Displaced civilizations: Memory, belonging, and cultural survival in migrant narratives from the Middle East and Africa
DOI:
https://doi.org/10.48162/rev.53.023Keywords:
diasporic literature, trauma, identity, postcolonial theory, cultural survivalAbstract
The paper is a critical examination of the literary figuration of displacement as an ontological civilizational disjunction in contemporary African and Middle Eastern diasporic literature. Going beyond prevailing paradigms of hybridity and identity negotiation, the paper contends that exile in these texts is not just spatial or psychological dislocation, but also the collapse of ancestral epistemologies, cosmologies, and long-term cultural continuities. Drawing on an interdisciplinary theoretical framework that brings together postcolonial theory, trauma studies, and discourse on memory, the article suggests the concept of displaced civilizations to explain how migrant texts function as aesthetic archives of endangered cultural worlds.

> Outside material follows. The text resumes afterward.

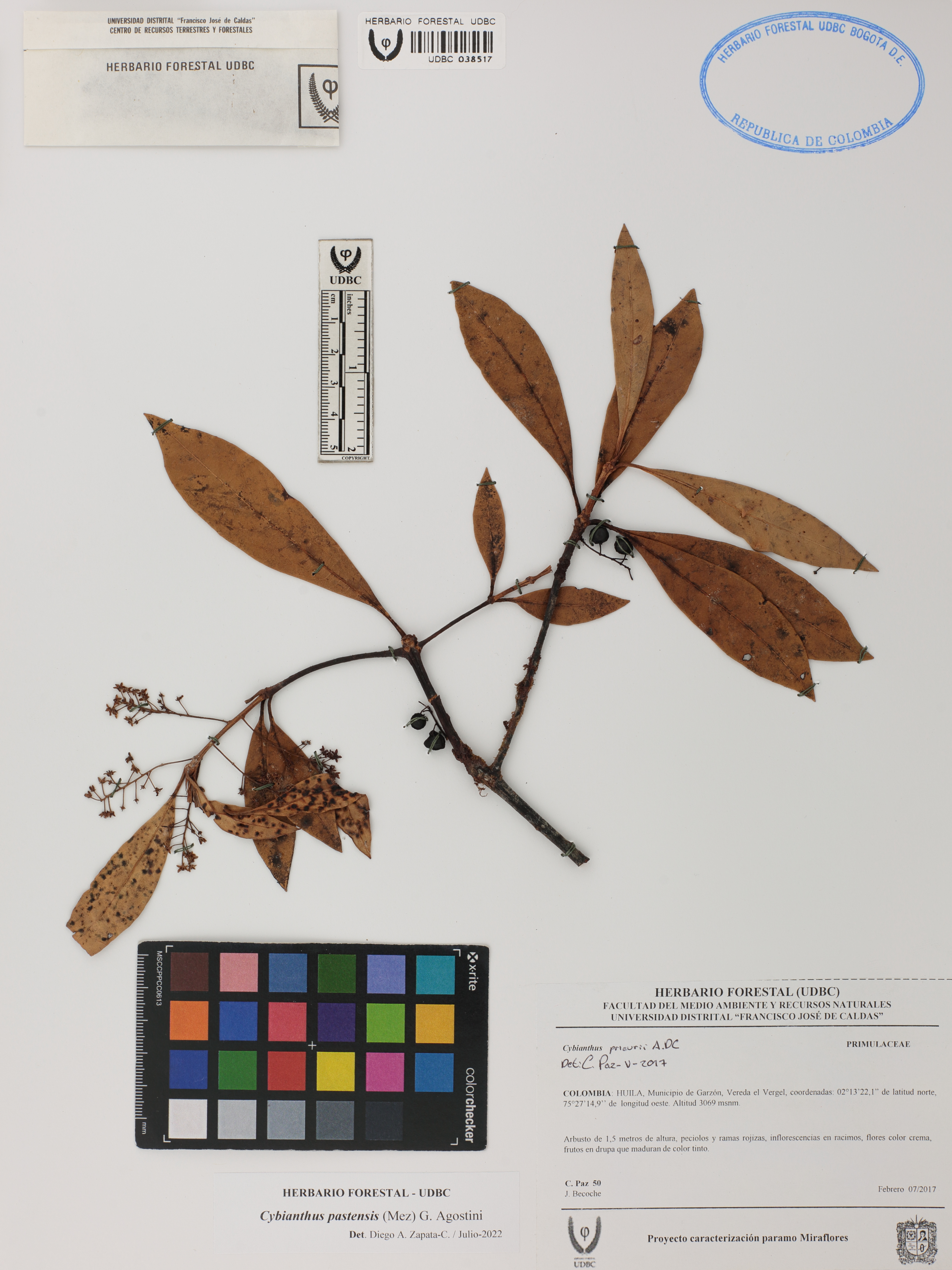 | dc.description | Fotografía del ejemplar Paz, C. 50, determinado como Cybianthus pastensis en el año 2022 | |

Through close comparative readings of a selection of the novels of Tayeb Salih, Chimamanda Ngozi Adichie, Leila Aboulela, Dinaw Mengestu, Rawi Hage, and Hisham Matar, this study examines the central roles played by memory, language, religion, and storytelling as complex strategies of resistance, self-survival, and cultural reconstruction. Ultimately, it positions literature as a crucial site wherein civilizational memory is not only mourned but actually reimagined and remade in the context of rupture and exile.